• _Activity_
Exactly the lines from the opening of the records through the line containing "5 pairs Self-Adhesive" should be copied, with both included.

• _Material for this exercise_
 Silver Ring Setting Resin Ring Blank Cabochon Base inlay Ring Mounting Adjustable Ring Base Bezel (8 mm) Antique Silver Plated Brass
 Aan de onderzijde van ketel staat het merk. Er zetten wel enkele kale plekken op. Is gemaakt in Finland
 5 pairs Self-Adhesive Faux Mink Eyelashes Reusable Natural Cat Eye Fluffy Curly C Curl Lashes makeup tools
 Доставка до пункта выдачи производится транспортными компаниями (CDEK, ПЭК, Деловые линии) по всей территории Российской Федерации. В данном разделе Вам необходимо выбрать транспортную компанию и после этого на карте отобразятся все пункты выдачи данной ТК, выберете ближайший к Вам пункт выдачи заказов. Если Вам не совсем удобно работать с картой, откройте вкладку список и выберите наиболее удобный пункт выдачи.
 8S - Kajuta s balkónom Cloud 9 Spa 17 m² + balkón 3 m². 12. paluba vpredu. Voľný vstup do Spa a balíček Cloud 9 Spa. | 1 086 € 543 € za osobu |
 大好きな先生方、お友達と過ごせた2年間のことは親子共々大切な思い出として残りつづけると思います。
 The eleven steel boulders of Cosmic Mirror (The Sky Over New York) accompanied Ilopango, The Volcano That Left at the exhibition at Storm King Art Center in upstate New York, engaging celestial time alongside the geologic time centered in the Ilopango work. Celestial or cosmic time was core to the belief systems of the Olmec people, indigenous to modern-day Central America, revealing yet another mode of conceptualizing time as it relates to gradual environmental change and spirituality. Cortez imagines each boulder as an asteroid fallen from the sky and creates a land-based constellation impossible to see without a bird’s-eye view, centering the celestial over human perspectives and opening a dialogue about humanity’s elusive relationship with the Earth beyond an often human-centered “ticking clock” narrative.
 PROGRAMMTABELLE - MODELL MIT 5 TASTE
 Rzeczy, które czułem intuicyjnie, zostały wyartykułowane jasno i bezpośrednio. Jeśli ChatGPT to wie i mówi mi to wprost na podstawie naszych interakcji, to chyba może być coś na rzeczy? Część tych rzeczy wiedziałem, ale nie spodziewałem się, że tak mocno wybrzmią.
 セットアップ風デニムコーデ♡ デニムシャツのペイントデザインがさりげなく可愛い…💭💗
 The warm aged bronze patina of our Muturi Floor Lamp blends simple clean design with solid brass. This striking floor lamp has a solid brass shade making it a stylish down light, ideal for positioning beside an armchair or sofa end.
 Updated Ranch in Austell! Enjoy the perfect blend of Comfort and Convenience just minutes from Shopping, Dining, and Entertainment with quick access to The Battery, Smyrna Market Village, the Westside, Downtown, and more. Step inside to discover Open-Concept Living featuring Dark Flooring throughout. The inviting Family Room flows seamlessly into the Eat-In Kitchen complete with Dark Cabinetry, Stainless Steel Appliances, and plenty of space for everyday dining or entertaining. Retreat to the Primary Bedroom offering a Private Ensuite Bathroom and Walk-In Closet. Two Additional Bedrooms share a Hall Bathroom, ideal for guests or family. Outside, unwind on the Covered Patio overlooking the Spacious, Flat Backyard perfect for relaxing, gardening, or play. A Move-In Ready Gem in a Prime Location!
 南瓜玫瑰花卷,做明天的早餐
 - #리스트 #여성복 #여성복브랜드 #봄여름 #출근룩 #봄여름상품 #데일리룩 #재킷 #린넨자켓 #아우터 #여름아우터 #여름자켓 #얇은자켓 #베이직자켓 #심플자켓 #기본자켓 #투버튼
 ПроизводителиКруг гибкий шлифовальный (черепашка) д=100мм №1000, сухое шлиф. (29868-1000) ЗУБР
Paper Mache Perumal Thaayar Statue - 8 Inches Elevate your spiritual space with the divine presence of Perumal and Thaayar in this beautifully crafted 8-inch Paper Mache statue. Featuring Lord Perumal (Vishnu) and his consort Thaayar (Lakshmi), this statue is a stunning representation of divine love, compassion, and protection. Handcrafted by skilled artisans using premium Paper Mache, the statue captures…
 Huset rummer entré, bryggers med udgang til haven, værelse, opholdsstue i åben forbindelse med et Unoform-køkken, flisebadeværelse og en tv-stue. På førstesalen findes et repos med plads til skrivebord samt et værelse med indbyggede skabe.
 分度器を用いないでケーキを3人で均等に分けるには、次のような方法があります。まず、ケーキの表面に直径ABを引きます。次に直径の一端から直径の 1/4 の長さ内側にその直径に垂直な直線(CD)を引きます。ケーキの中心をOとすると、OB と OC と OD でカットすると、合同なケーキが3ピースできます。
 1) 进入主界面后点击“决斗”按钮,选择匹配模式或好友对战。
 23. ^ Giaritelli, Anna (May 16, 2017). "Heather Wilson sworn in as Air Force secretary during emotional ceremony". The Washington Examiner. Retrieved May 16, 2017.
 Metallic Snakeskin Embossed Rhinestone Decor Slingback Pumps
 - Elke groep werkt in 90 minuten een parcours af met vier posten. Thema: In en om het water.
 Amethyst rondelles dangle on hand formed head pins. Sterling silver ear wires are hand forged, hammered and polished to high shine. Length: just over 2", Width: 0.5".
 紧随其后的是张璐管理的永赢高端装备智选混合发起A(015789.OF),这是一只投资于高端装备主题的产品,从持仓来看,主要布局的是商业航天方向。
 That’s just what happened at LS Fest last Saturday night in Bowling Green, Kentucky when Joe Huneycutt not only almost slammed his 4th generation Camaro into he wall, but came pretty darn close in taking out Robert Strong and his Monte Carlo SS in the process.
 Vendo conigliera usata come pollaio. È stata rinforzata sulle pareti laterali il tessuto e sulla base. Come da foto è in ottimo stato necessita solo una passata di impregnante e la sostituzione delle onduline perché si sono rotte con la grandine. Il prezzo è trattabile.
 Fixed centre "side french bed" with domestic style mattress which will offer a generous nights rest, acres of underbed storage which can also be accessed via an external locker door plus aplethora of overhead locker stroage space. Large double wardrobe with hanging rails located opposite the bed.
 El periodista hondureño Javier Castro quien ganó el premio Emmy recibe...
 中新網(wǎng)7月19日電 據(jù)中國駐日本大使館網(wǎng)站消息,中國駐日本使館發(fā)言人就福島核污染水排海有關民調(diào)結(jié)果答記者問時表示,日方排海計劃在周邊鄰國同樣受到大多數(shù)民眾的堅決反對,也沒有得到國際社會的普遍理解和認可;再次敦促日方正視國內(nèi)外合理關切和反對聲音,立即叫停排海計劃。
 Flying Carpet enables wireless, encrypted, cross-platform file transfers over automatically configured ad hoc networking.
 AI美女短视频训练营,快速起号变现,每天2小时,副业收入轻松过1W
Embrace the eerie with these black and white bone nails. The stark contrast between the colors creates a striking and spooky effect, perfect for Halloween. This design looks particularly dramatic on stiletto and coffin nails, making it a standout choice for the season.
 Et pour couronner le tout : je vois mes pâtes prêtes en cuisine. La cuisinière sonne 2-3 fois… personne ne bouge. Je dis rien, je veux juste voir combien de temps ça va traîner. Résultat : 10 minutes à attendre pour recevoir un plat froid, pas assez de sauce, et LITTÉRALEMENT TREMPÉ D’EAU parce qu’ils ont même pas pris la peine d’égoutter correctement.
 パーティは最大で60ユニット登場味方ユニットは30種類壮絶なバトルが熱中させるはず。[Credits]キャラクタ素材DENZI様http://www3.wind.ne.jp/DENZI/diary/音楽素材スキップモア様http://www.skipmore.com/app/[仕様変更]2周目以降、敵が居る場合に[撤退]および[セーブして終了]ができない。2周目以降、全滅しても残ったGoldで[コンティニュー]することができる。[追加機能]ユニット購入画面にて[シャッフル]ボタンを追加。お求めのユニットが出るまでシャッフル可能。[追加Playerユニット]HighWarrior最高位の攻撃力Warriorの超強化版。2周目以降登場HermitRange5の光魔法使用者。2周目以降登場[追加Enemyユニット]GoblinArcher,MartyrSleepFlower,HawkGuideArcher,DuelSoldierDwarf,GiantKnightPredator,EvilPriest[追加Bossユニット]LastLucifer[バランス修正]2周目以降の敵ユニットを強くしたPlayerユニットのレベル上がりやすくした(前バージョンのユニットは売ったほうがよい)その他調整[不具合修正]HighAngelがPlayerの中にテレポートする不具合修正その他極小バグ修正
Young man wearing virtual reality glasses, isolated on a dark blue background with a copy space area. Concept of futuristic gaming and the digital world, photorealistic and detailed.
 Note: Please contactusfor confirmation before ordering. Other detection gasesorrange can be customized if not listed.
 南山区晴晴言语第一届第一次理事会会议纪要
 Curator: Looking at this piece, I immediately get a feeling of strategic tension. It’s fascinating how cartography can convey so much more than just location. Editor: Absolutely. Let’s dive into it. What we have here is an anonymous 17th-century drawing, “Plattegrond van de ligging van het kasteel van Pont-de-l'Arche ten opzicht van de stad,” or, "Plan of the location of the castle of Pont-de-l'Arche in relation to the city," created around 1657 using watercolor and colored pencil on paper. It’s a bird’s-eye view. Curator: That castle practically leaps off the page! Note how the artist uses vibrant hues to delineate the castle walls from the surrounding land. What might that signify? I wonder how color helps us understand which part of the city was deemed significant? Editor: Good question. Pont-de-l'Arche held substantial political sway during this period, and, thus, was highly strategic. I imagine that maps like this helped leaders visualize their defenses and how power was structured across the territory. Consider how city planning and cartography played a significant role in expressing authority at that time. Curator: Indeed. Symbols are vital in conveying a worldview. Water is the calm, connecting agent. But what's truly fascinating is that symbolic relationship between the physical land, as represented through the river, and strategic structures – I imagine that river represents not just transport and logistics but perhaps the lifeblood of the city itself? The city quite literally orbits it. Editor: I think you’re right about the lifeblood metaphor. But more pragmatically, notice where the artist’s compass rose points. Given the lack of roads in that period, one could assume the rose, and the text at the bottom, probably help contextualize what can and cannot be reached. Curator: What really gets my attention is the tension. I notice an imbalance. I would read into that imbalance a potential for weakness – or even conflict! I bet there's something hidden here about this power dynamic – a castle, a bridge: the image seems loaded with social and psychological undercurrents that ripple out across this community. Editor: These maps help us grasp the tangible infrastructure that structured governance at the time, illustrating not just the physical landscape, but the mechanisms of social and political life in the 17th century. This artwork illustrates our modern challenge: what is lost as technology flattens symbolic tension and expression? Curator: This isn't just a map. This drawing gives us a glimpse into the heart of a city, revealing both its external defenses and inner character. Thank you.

• _Solution below_
 Silver Ring Setting Resin Ring Blank Cabochon Base inlay Ring Mounting Adjustable Ring Base Bezel (8 mm) Antique Silver Plated Brass
 Aan de onderzijde van ketel staat het merk. Er zetten wel enkele kale plekken op. Is gemaakt in Finland
 5 pairs Self-Adhesive Faux Mink Eyelashes Reusable Natural Cat Eye Fluffy Curly C Curl Lashes makeup tools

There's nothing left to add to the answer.